À l’expiration du délai de garantie, l’acheteur doit rembourser la retenue dans le délai de trente jours, sauf si des réserves régulièrement notifiées et entrant dans son objet restent à lever.
Sûreté contractuelle facultative, la retenue de garantie doit être prévue par le marché et ne peut couvrir que les réserves mentionnées à l’article R2191-32 du Code de la commande publique.
Son montant est plafonné à 5 % du montant initial du marché augmenté de ses modifications.
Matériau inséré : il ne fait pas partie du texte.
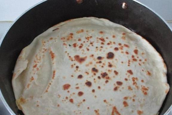 我们这里一般食用的面饼通常是死面,也就是无需发面,要吃软软的就把面糊调匀后直接入锅煎熟即可,要吃脆香的就要动起你的小手,揉一揉,醒一醒,再动手制作。面团只要轻轻的揉匀即可,千万不要多揉,不然面粉出筋后口感会变得硬硬的。

Ce plafond est ramené à 3 % pour les PME titulaires de marchés passés par l’État ainsi que par les établissements publics administratifs de l’État et les collectivités territoriales, leurs établissements publics et leurs groupements répondant aux conditions financières fixées par l’article R2191-33.
Elle est prélevée progressivement sur les acomptes, les règlements partiels définitifs et le solde, et peut être remplacée par une garantie à première demande ou, si l’acheteur ne s’y oppose pas, par une caution personnelle et solidaire.
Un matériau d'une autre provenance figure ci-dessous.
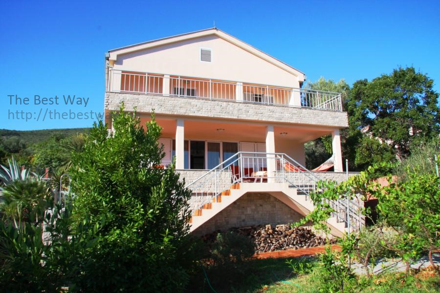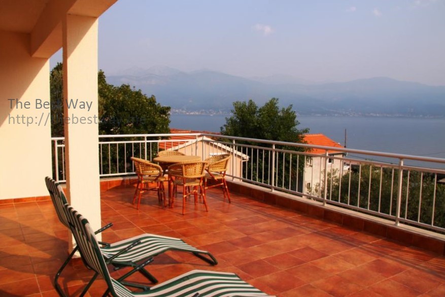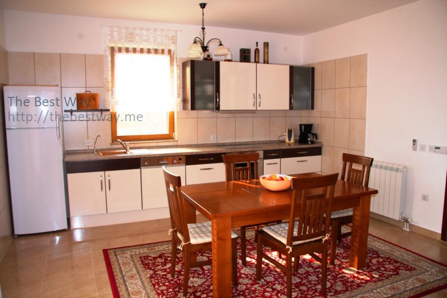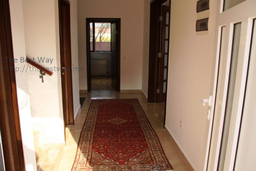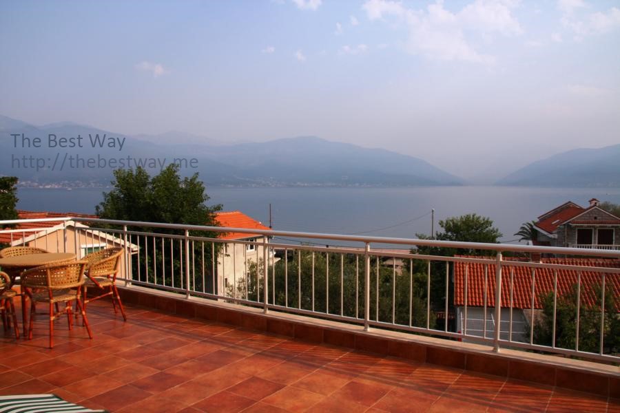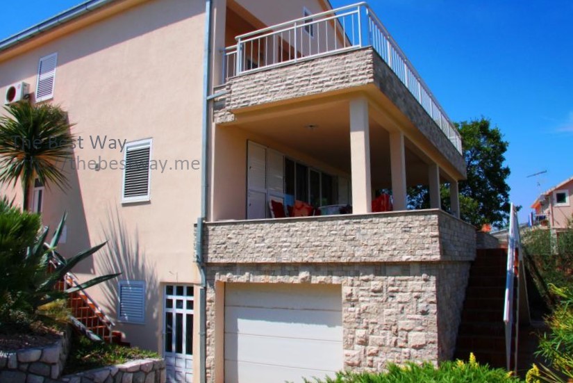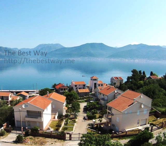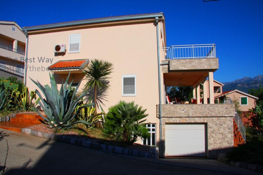Двухэтажный дом в коттеджном поселке с видом на Которский залив. В доме 2 террасы, лоджия, балкон, гостиная, кухня, столовая, 3 спальни, 2 санузла. Дом 2-х этажный с повалом, в котором находится гараж и хоз.помещение. Дом обставлен мебелью. Территория благоустроена, имеются зелённые насождения и фруктовые деревья. Общая площадь дома 275,25 м кв. Стены: полый кирпич 30 см + теплоизоляция 6 см СТЕРОДУР + штукатурка. Земельный участок - 6,5 соток. Огороженная территория и интегрирована в один общий коттеджный посёлок из 6-и домов. Охрана с видеонаблюдением. Гараж на одну машину и парковка на 2 машины. Автоматические кованные ворота. Телефон + интернет. Домофон. Спутниковая антенна. Электро котельная (водяное отопление в холодное время года) Кондиционеры 3 шт. Снабжение водой двойного типа: дом подключён к городской трассе водоснабжения и имеется резервуар для сбора дождевой воды на 30 м.куб. с гидрофором. Холодная и горячая вода. Канализация. Окна – стеклопакет (дерево/алюминий) Жалюзи – алюминий. Лестница между этажами – мрамор Гараж с автоматическими воротами 2 большие террасы Кухня встроенная произ. Германия Камин мраморный (производство Италия) Спальни 4 шт. Ванные комнаты с совмещёнными санузлами 3 шт. Гостевой туалет 1 шт. Гараж с автоматическими воротами, огороженная территория. Телефон, спутниковая антенна, электрокотельная (отопление зимой), кондиционер, холодная и горячая вода, канализация (септик).

Elle doit enfin être remboursée dans les trente jours suivant l’expiration du délai de garantie ou, lorsque des réserves subsistent, dans les trente jours suivant leur levée.
Voir également
Jurisprudence
CAA Lyon, 8 mars 2018, n° 17LY01827, Société Routière du Centre (Objet limité de la retenue de garantie et exclusion des frais étrangers aux travaux de reprise).
CAA Lyon, 18 février 2010, n° 07LY01299 et 09LY00808, SA Planche (La retenue pouvait financer, jusqu’à l’expiration de la garantie de parfait achèvement, la reprise par un tiers des malfaçons réservées en cas de défaillance du titulaire. Les sommes ainsi mobilisées ne s’imputaient pas sur le solde de sa rémunération).
CAA Bordeaux, 5 février 2009, n° 07BX02305, Société Gatineau (Maintien des réserves et restitution de la retenue de garantie dans un marché de travaux).
CE, 2 juin 1989, n° 65631, Ville de Boissy-Saint-Léger (Absence d’assurance décennale et restitution de la retenue).
CE, 19 novembre 1971, n° 73664, Société nationale de construction (La caution substituée à la retenue couvrait, selon les clauses du marché, les dettes contractuelles de l’entrepreneur, dont les pénalités de retard. Sa mainlevée intervenait à la réception définitive, sauf pour les sommes restant nécessaires au paiement des malfaçons et des frais de maintien de la caution).
Fiches de la DAJ de Bercy
Fiche technique DAJ - Les garanties financières, mise à jour le 1er avril 2019. Cette fiche doit être lue avec la rédaction de l’article R2191-33 applicable depuis le 1er janvier 2025.